川内さんは、白鳥さんに初めて同伴したときの体験を「衝撃だった」と振り返る。「言葉で伝えるため、1枚の絵を長いと30分かけてみますが、そうすると細部まで気がつくようになる。観察力が鍛えられるような面白さがありました」
だがそれは出発点で「気づきの一つでしかなかった」。友人らを交えて白鳥さんと鑑賞を重ねるうちに、障害や差別について思索は深まっていった。
大音量の心臓音に合わせて、電球の光が強弱を繰り返す現代アートを鑑賞したときのこと。視覚情報がない分、白鳥さんは聴覚などの感覚が鋭いのではないか。そんな川内さんの想像を白鳥さんはあっさり否定した。「盲人を美化しているんじゃないかなあ」と。

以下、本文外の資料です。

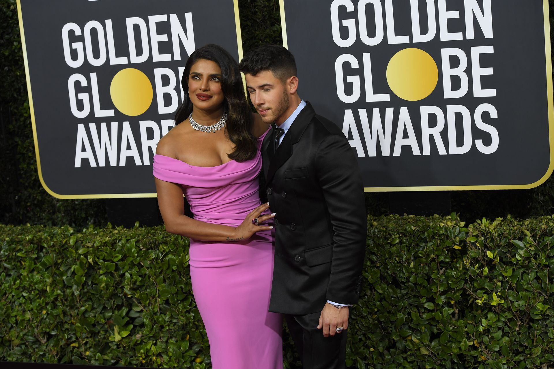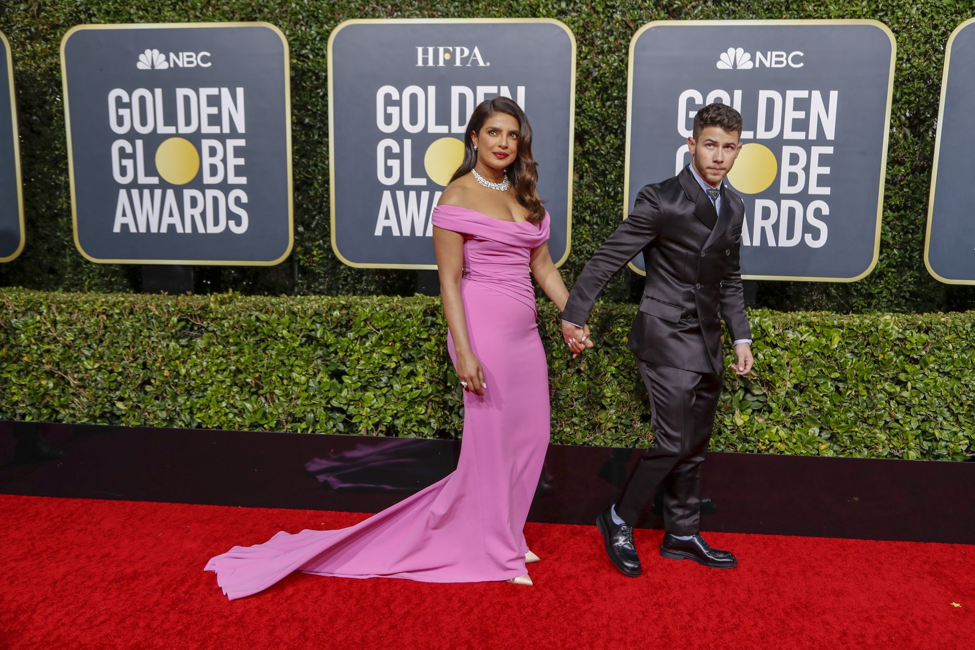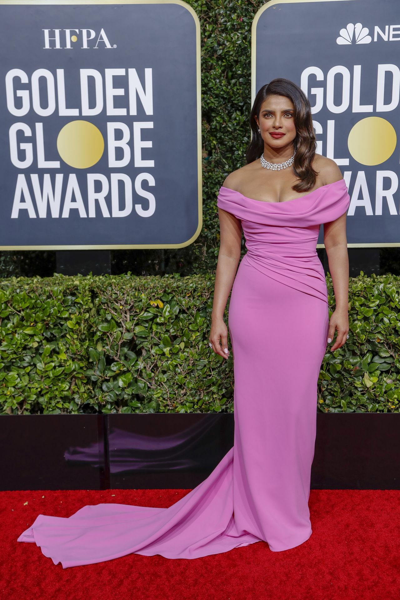 Actriz Priyanka Chopra llega a la alfombra roja durante la 77ª Entrega Anual de los Globos de Oro en The Beverly Hilton Hotel, 01/05/2020. Para la prestigiosa ceremonia en Beverly Hills, la belleza india eligió un vestido rosa de Cristina Ottaviano.

「上から下にさげすむことだけが偏見ではない。私もパラリンピックを見て、すごいなあと思ってしまいましたが、その『すごい』の裏側に、偏見に近いものがあるかもしれないと、気づく必要はあると思う」
幼少時代「目が見えないんだから、ひとの何倍も努力しないといけない」と家族に言われた白鳥さんは、「目が見えるひとは努力しなくていいの? そんなのずるい」と感じたという。
社会には金メダルを獲得する障害者がいる。そして、大勢の普通に暮らす障害者がいる。「パラリンピックを応援しただけで、障害者のことを知ったような気になっていないだろうか」と川内さんは問いかける。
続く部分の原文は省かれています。